● Requirement:
Work through the records below and tally every line containing "Mesh". Reply with the total alone.

● Material for this task:
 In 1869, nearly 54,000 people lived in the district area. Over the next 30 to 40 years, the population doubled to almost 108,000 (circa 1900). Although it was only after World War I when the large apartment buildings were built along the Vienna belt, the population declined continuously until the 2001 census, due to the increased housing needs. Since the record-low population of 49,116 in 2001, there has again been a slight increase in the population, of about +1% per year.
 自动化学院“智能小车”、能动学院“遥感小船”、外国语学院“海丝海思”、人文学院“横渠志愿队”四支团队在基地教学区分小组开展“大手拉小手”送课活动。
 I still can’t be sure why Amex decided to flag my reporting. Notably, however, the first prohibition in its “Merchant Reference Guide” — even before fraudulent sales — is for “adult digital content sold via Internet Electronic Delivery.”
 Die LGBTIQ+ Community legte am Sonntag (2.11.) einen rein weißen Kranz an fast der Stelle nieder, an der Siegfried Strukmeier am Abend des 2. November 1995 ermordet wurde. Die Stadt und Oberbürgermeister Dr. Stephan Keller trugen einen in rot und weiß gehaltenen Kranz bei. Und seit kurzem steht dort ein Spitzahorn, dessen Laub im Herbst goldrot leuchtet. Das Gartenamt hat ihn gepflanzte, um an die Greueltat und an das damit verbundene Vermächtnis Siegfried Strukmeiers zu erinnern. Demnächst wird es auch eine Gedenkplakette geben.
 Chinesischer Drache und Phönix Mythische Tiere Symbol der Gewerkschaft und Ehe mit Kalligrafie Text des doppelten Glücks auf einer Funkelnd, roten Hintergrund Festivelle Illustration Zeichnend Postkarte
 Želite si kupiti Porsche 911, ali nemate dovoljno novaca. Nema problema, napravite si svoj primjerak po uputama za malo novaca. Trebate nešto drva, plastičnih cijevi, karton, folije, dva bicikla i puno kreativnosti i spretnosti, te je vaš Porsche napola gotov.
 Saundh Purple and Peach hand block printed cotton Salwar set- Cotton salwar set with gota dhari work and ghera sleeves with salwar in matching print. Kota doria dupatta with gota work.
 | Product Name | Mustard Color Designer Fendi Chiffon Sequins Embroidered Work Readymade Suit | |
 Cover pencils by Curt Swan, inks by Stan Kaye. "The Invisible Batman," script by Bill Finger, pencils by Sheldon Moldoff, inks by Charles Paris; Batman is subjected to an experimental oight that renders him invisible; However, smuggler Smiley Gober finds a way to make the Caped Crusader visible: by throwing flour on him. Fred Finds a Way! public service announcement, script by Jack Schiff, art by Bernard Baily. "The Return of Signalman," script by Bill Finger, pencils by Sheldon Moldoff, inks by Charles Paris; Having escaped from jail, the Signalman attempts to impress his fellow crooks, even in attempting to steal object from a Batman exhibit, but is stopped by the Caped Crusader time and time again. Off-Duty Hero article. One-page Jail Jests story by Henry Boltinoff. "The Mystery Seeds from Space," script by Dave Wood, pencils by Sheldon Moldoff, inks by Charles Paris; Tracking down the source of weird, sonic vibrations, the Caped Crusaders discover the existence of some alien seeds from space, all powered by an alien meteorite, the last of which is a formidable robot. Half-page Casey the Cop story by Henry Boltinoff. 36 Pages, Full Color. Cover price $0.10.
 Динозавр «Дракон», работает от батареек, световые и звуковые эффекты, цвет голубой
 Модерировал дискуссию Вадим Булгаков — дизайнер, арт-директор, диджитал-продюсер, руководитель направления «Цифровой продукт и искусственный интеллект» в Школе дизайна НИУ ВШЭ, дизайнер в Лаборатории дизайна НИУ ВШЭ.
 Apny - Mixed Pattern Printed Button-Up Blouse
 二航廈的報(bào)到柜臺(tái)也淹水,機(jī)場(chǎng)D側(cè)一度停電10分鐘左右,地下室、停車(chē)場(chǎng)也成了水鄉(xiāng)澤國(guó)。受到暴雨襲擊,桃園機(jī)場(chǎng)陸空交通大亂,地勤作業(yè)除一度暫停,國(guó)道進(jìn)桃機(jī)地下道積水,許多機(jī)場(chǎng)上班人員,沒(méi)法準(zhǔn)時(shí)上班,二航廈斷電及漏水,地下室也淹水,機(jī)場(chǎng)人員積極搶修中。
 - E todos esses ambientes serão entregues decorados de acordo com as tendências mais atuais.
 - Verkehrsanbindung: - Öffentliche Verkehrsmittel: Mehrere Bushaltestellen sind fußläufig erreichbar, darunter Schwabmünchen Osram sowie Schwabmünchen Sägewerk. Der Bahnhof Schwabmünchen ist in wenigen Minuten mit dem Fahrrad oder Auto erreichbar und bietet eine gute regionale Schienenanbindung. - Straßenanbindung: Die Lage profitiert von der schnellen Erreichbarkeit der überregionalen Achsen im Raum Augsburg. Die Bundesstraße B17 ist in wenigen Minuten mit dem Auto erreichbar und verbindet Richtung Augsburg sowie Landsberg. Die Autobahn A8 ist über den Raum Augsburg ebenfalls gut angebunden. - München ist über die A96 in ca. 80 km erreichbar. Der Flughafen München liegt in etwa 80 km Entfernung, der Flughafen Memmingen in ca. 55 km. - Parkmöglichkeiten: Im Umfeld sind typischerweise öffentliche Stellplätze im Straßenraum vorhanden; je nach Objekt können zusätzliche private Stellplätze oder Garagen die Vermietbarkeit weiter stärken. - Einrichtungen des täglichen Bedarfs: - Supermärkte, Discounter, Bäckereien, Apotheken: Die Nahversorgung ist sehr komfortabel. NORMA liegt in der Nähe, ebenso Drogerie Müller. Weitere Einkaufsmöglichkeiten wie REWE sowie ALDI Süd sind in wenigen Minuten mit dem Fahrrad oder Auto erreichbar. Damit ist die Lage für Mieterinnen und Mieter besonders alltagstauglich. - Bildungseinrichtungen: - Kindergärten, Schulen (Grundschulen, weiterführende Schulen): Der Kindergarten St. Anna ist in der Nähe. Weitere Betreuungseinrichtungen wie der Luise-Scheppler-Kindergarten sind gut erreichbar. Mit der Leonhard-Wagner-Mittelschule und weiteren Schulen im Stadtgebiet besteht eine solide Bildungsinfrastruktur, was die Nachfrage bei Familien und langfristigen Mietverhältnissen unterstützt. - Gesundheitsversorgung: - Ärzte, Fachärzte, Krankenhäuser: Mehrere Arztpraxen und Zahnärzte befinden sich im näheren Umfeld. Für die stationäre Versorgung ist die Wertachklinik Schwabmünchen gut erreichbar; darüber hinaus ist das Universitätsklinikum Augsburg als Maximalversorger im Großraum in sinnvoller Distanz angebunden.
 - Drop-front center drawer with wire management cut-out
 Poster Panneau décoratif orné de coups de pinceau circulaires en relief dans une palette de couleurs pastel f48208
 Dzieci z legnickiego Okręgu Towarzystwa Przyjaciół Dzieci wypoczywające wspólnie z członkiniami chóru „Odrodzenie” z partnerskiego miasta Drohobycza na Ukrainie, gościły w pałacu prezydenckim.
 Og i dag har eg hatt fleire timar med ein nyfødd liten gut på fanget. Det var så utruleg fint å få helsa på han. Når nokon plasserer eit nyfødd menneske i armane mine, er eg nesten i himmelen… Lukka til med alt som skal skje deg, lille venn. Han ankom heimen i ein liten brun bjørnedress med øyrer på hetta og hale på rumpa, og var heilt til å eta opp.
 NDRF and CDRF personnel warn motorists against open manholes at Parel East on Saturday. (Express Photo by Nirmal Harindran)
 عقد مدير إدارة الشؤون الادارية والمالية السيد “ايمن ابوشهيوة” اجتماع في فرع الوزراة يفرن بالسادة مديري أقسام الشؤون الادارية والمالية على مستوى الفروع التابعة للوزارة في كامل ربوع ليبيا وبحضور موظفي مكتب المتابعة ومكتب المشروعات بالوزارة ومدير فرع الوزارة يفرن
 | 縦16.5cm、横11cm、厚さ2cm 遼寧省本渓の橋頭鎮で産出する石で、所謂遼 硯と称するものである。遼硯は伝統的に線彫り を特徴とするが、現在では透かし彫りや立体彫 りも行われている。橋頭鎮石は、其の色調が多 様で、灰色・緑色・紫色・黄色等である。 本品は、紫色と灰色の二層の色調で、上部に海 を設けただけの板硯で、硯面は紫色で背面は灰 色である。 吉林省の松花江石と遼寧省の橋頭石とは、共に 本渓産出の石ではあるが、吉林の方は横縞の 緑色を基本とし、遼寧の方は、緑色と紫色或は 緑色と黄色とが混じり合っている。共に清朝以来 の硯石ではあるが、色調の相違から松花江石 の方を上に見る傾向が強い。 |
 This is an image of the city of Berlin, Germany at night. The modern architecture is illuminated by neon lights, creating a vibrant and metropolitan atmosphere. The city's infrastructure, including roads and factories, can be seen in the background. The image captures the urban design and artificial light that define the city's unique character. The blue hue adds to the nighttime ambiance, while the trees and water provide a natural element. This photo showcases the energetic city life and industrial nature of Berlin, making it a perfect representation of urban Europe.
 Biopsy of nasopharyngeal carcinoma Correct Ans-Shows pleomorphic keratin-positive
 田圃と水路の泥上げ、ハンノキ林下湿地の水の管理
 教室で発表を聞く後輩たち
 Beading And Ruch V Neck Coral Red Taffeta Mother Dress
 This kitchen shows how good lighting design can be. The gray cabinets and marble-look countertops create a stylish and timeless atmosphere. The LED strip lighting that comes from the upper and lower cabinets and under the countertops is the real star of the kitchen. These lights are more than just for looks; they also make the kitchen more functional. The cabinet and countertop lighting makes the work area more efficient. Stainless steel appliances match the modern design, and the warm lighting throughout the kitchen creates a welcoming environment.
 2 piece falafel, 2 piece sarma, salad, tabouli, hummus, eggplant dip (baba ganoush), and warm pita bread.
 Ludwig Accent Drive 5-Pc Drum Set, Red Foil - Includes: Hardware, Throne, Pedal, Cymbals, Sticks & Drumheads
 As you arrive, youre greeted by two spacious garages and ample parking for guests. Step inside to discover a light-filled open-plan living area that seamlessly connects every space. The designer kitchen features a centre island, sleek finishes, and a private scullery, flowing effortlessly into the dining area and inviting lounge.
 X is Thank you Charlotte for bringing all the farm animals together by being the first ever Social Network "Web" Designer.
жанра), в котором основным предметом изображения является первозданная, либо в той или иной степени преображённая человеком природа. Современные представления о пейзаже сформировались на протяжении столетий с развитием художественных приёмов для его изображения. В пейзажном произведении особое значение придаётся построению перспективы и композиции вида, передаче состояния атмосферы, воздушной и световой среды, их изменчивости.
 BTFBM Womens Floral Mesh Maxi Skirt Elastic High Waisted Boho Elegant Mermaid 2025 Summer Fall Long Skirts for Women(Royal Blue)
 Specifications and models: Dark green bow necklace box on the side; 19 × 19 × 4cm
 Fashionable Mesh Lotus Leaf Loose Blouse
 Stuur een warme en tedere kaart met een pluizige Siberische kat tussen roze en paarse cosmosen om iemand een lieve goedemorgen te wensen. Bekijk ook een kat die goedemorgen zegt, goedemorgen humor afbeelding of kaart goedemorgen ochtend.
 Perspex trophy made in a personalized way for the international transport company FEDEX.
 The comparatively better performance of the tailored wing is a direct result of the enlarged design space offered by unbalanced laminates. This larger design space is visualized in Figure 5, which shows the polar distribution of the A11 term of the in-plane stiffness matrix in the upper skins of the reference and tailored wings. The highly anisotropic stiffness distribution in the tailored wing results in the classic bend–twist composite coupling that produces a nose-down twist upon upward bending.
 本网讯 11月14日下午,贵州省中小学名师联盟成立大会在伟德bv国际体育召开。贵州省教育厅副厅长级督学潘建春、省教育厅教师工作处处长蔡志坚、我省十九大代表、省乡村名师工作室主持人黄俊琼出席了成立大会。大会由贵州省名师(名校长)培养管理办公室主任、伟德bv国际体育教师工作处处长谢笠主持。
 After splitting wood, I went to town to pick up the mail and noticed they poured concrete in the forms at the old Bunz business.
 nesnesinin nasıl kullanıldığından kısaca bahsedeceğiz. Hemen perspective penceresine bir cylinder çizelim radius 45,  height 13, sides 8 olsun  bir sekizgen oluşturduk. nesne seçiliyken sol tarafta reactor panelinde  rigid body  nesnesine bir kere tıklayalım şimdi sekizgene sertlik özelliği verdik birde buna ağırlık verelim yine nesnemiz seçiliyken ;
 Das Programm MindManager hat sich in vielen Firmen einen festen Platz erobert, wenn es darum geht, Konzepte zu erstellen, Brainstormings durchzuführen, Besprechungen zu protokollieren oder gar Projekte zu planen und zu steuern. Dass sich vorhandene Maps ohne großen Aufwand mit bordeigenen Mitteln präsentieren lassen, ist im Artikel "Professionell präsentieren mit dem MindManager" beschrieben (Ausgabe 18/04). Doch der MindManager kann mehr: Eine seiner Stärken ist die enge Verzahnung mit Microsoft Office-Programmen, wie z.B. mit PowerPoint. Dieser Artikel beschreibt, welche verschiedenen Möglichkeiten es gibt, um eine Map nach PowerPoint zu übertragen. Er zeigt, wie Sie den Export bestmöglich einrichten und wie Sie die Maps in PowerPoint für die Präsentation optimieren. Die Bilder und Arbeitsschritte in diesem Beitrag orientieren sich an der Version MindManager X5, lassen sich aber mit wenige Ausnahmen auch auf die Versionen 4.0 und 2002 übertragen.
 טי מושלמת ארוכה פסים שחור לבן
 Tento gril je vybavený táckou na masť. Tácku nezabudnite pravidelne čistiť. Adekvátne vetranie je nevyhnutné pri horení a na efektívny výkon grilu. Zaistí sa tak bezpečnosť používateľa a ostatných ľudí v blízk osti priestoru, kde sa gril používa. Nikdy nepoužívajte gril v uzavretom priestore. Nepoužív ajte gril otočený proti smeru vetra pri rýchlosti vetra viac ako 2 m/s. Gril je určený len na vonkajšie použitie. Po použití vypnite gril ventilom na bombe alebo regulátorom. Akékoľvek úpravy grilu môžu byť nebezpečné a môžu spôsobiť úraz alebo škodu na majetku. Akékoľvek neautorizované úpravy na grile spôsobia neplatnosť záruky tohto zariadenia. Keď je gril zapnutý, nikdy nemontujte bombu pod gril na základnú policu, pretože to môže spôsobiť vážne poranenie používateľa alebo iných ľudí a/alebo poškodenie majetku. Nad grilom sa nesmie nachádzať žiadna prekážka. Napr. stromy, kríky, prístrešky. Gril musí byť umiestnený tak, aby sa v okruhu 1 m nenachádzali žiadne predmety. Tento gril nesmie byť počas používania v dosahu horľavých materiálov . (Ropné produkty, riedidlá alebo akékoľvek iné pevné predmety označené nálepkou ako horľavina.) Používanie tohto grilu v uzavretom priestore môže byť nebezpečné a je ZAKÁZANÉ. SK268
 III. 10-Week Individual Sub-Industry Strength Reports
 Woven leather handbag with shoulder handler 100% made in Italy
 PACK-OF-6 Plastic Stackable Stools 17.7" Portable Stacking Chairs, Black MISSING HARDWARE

● Answer section:
2